Venice BID to get $2.3 million from city of Los Angeles
by Mike Chamness, Occupy Venice, (602) 339-6607
City is Set to Provide $2.3 Million over 5 Years to Fund Venice Beach Business Improvement District
Residents and Stakeholders Gathered to Ask Why the Public Beachfront is Being Privatized, and Why the City is Giving Millions to a Process Intended for Businesses to Vote to Tax Themselves
Residents, property owners, visitors and others are concerned that the proposed Venice Beach BID will escalate gentrification, privatize one of our most treasured public spaces – Venice Beach and Boardwalk, put $2.3 million of City money into an untested organization with little oversight, and utilize private security to target and harass vendors, homeless residents and people of color in Venice.

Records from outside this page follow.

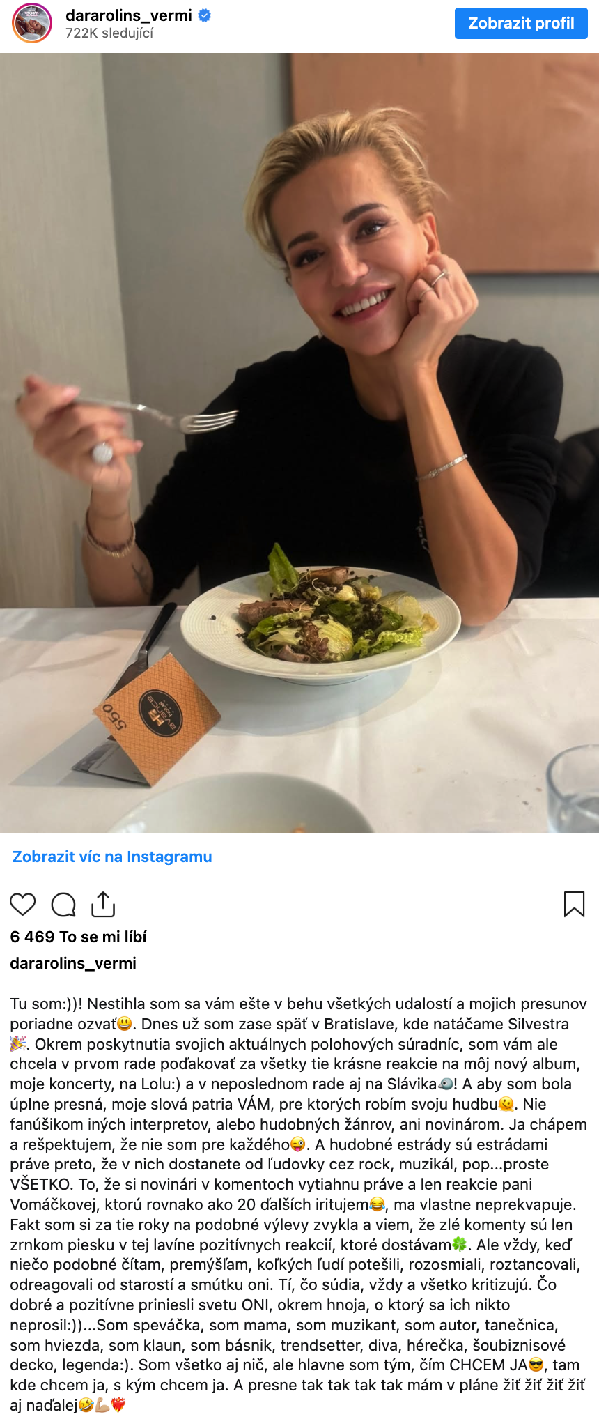 Dara ve svém vyjádření připomněla, že po více než třech dekádách v hudební branži velmi dobře ví, co je věcná kritika a co je pouhá zášť. Odkázala na tisíce fanoušků, kteří ji podporují, chodí na koncerty a sledují její tvorbu. Právě jim věnovala vzkaz, že stojí přesně tam, kde být chce, a že ji baví to, co dělá.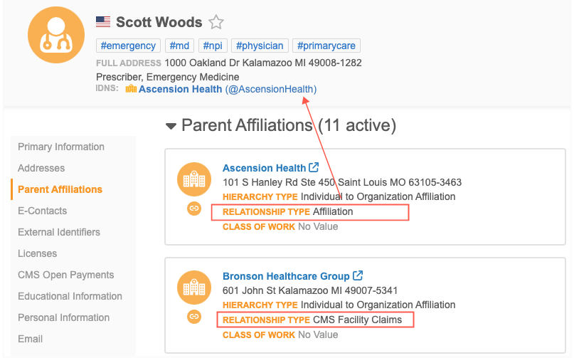 Leverage your own hierarchies as part of the calculation to affiliate HCPs and HCOs with key networks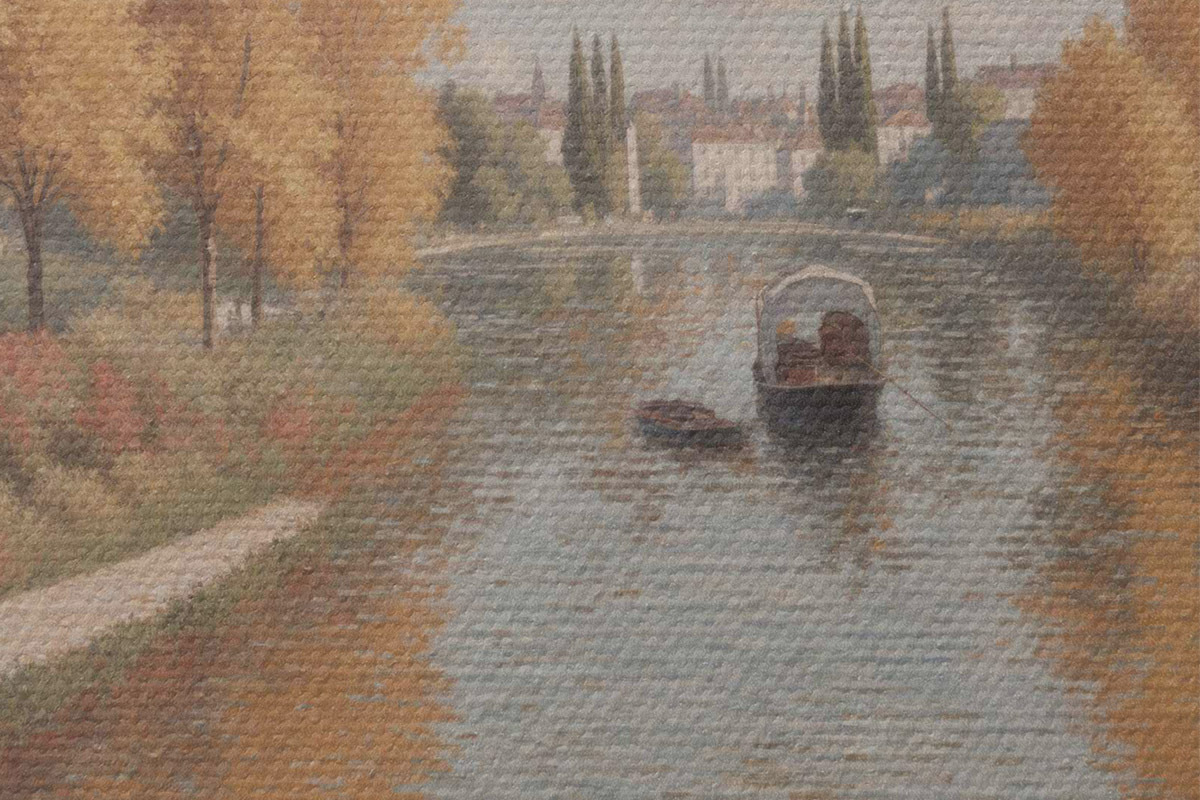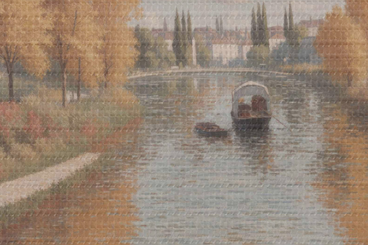Immagine Un dipinto di un fiume con barche e persone. Nr r38598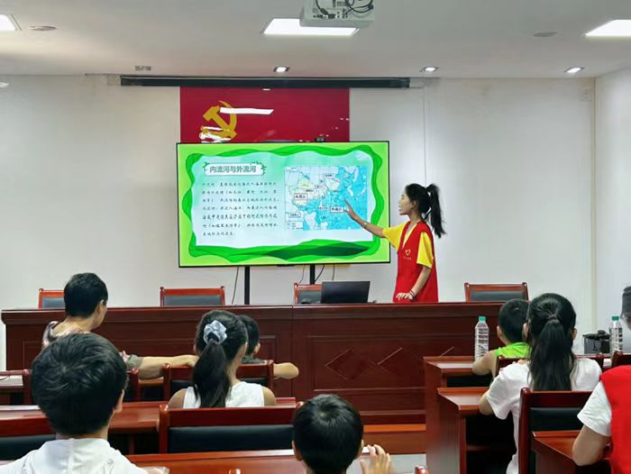 随后,志愿者借助精心制作的PPT课件,系统科普地球的湖泊与河流知识。从湖泊的成因类型到河流的生态系统,从水资源的分布特征到生态保护的具体意义,讲解内容层层深入,引导孩子们认识到湖泊与河流对地球生态的重要性,切实提升了他们的生态保护意识。

Business Improvement Districts (“BIDs”) are public-private partnerships, established under State and local laws that give Cities the power to form districts in which all businesses in the district pay assessments to supplement municipal expenditures. Yet the Venice Beach BID is overly reliant on City land and funds. The City owns substantial land within the BID boundaries, and is also paying the assessments for State-owned land in the area; their general fund contribution totals more than 25% of the annual BID budget and therefore they carry 25% of the vote to approve the BID.
Two endorsers of the BID letter to property owners asking for their signed petition in support, Carl Lambert and Andy Layman, are being sued by the City for illegal conversions of rent stabilized housing units into hotel uses.
Though the composition of the Board overseeing the BID has not been made public, the City seems poised to put the control of public funds and the BID activities into an organization with members of its leadership being accused of illegal activity by the City.